What to do. Pictures aside, the data must be reproduced exactly.

Data excerpt.

====================

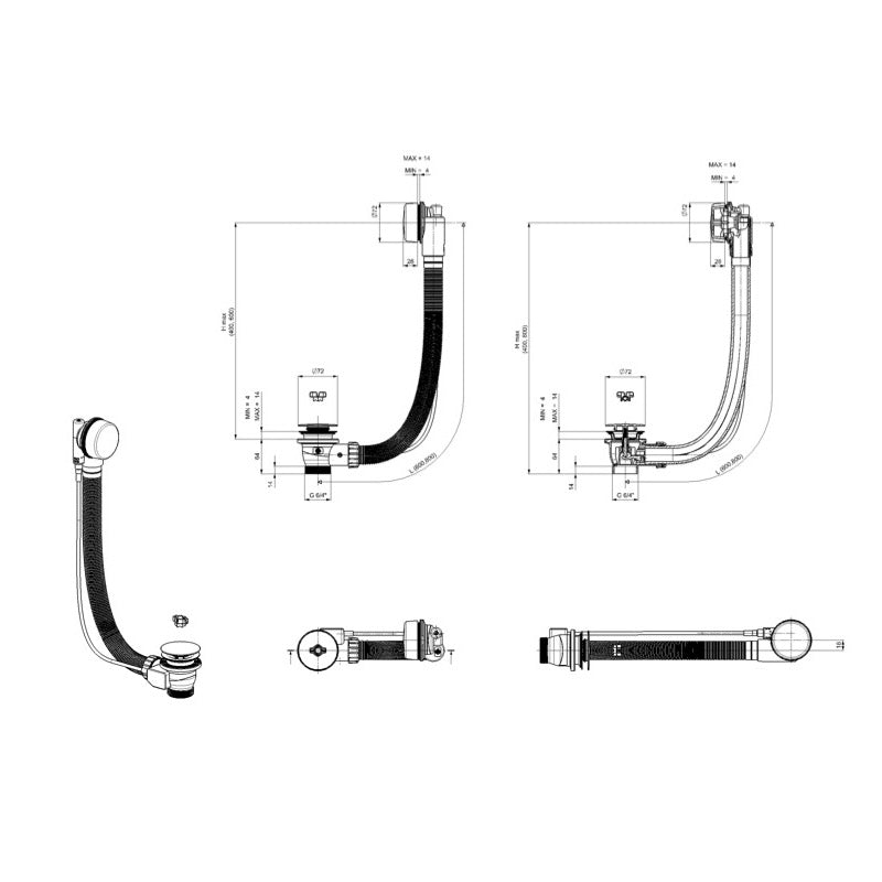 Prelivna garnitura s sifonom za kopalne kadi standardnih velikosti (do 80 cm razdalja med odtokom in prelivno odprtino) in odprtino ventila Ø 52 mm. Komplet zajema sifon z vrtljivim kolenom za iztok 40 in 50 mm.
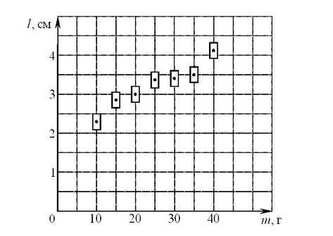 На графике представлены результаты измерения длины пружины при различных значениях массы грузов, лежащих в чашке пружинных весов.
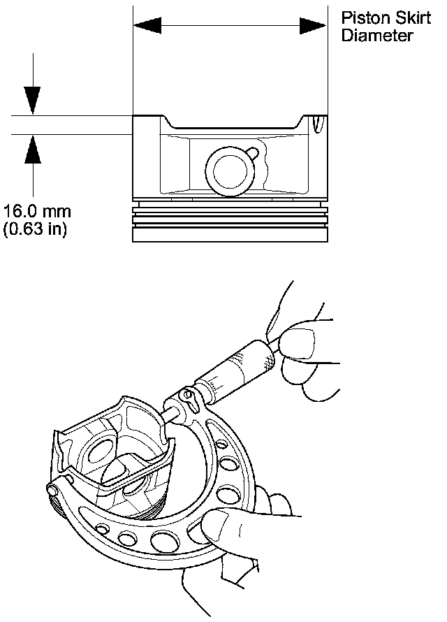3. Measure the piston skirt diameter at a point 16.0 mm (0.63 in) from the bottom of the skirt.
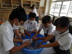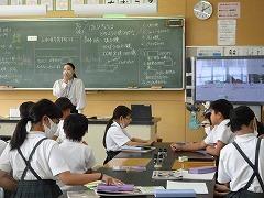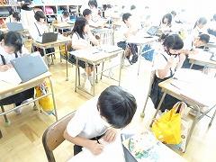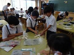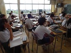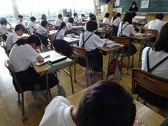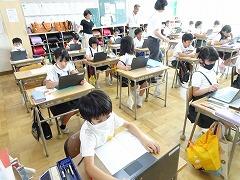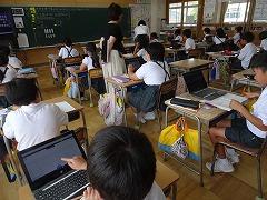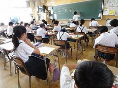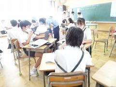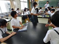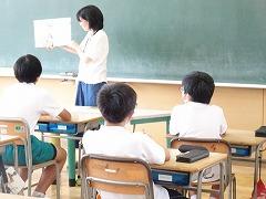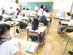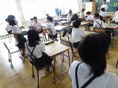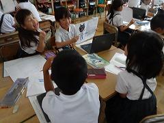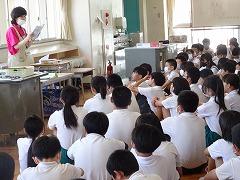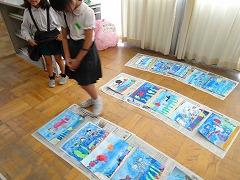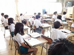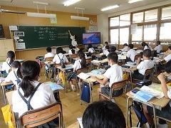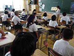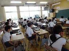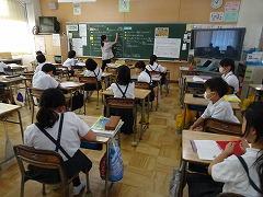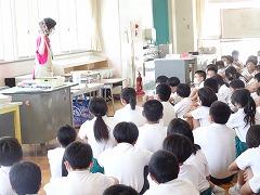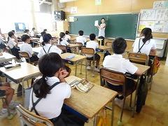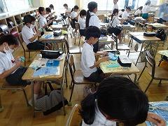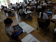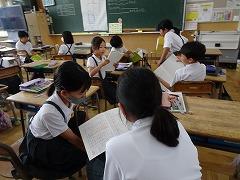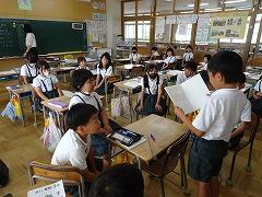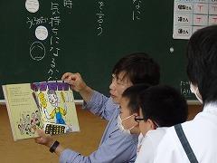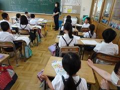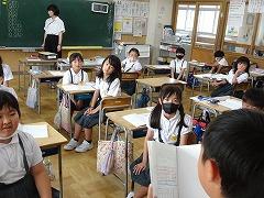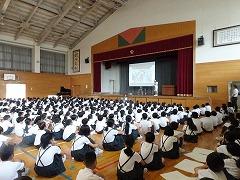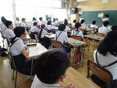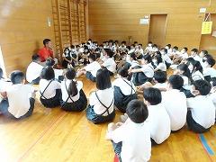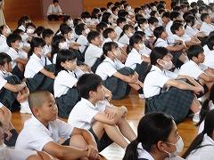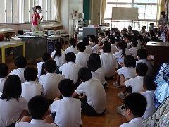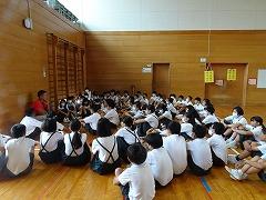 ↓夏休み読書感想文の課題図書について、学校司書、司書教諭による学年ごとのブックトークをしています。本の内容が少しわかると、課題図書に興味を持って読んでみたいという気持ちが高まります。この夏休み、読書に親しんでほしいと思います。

====================

Written reply.
 Prelivna garnitura s sifonom za kopalne kadi standardnih velikosti (do 80 cm razdalja med odtokom in prelivno odprtino) in odprtino ventila Ø 52 mm. Komplet zajema sifon z vrtljivim kolenom za iztok 40 in 50 mm.
 На графике представлены результаты измерения длины пружины при различных значениях массы грузов, лежащих в чашке пружинных весов.
3. Measure the piston skirt diameter at a point 16.0 mm (0.63 in) from the bottom of the skirt.
 ↓夏休み読書感想文の課題図書について、学校司書、司書教諭による学年ごとのブックトークをしています。本の内容が少しわかると、課題図書に興味を持って読んでみたいという気持ちが高まります。この夏休み、読書に親しんでほしいと思います。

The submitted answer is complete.